Most of these “exclusionary zones” in which registrants cannot live, work, play, or perhaps even pass through should be considered to be, solidly and without any doubt, part of the “penalty” attached to a crime. The penalties that a crime carries are more than just incarceration. Aside from jail or prison, there are the statuses of being “on parole” and ‘/ or “on probation.” These are long-established and well known schemes by which offenders who are STILL BEING PUNISHED WITH A CRIMINAL SENTENCE IMPOSED ON THEM are given some limited and supervised freedom.
Anybody who says that “ex post facto” only means you can’t imprison somebody based on a new law that wasn’t on the books when the crime was committed is missing the boat, and not thinking straight. Ex Post Facto analysis anytime somebody’s freedom is significantly limited as a collateral effect of some prior crime that’s already had its due penalty imposed.

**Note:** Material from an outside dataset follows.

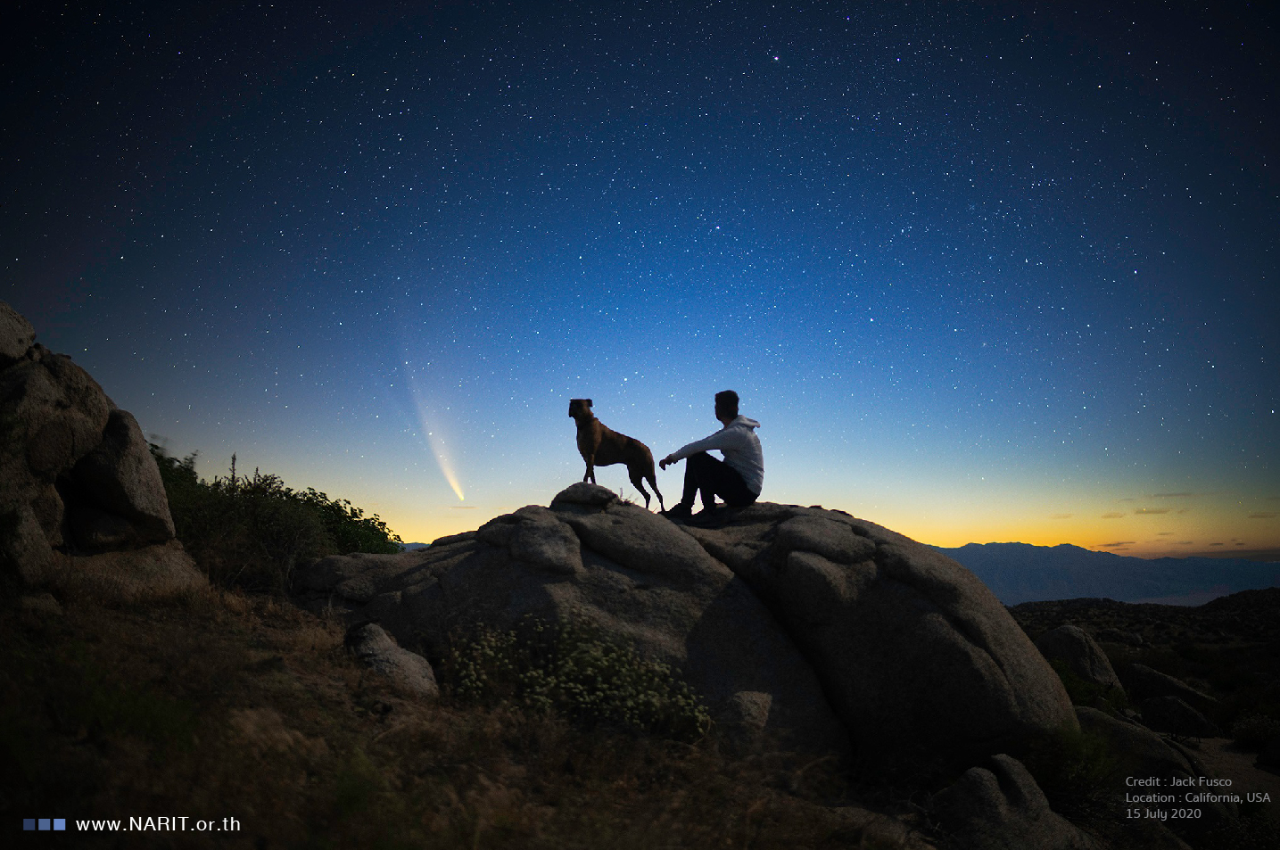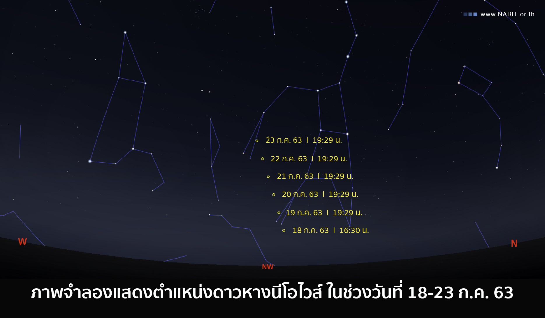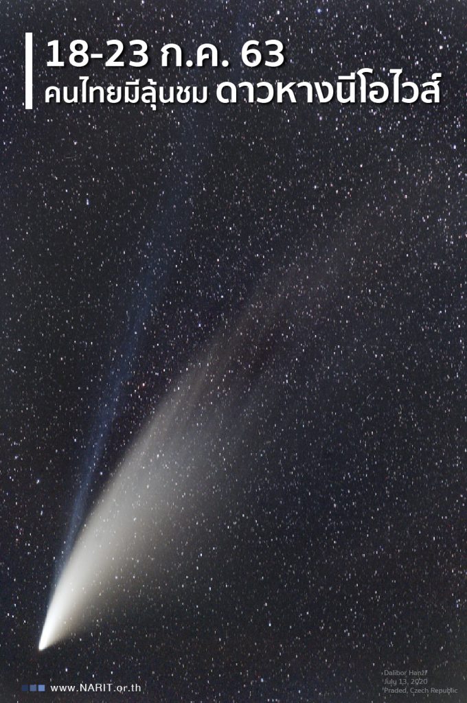 สถาบันวิจัยดาราศาสตร์แห่งชาติ (องค์การมหาชน) (สดร.) กระทรวงการอุดมศึกษา วิทยาศาสตร์ วิจัยและนวัตกรรม เผยคนไทยมีลุ้นชมดาวหางนีโอไวส์ ประมาณวันที่ 18-23 กรกฎาคม 2563 เนื่องจากโคจรออกห่างดวงอาทิตย์มากขึ้นและกำลังเข้าใกล้โลก อีกทั้งยังสว่างมากพอที่จะสังเกตได้ด้วยตาเปล่า ปรากฏในช่วงค่ำ ทางทิศตะวันตกเฉียงเหนือ ตั้งแต่ดวงอาทิตย์ตกถึงประมาณสามทุ่ม หากฟ้าใสไร้เมฆ ลุ้นชมด้วยตาเปล่าทุกภูมิภาคทั่วไทย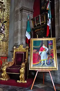 Luego de la conquista y construido el Palacio Virreinal, en lo que hoy es el Salón de Recepciones se construyó un trono con dos sillas especialmente adornadas para el monarca español y su esposa, ambas bajo un palio y un manto que cambiaba con el escudo de cada uno de los reyes españoles, de ese trono se tienen pocos registros, nunca fue usado, estaba preparado para recibir a algún monarca español que visitara la Ciudad de México; cuando el Virrey hacía actos oficiales en ese salón, usaba una silla cualquiera situada debajo y a la derecha de la plataforma donde se ubicaban las sillas del trono, como un distintivo de su supremacía política, pero nunca se menciona que fuera una silla especial, al contrario de lo que pasaba con el monarca y su consorte.[5]

I would say the same thing for any government issued license or benefit, too.
If being a convicted felon doesn’t disqualify you from living in public housing projects TODAY, then any rule they may come up with in the future should only apply to people who committed their felonies AFTER the new rule took effect.
If getting a DUI / DWI doesn’t currently disqualify you from holding a General Contractor’s license in your state, it should not ever disqualify anybody who got a drunk driving conviction prior to a new rule that says you can’t have that construction / remodeling professional license if you’ve had a DUI.
Every criminal should be subject ONLY to the penalties (official penalties, imposed by the government), including restrictions on one’s liberty just for “public safety” reasons, that were part of the law and part of the original sentence in the case back when it was disposed of.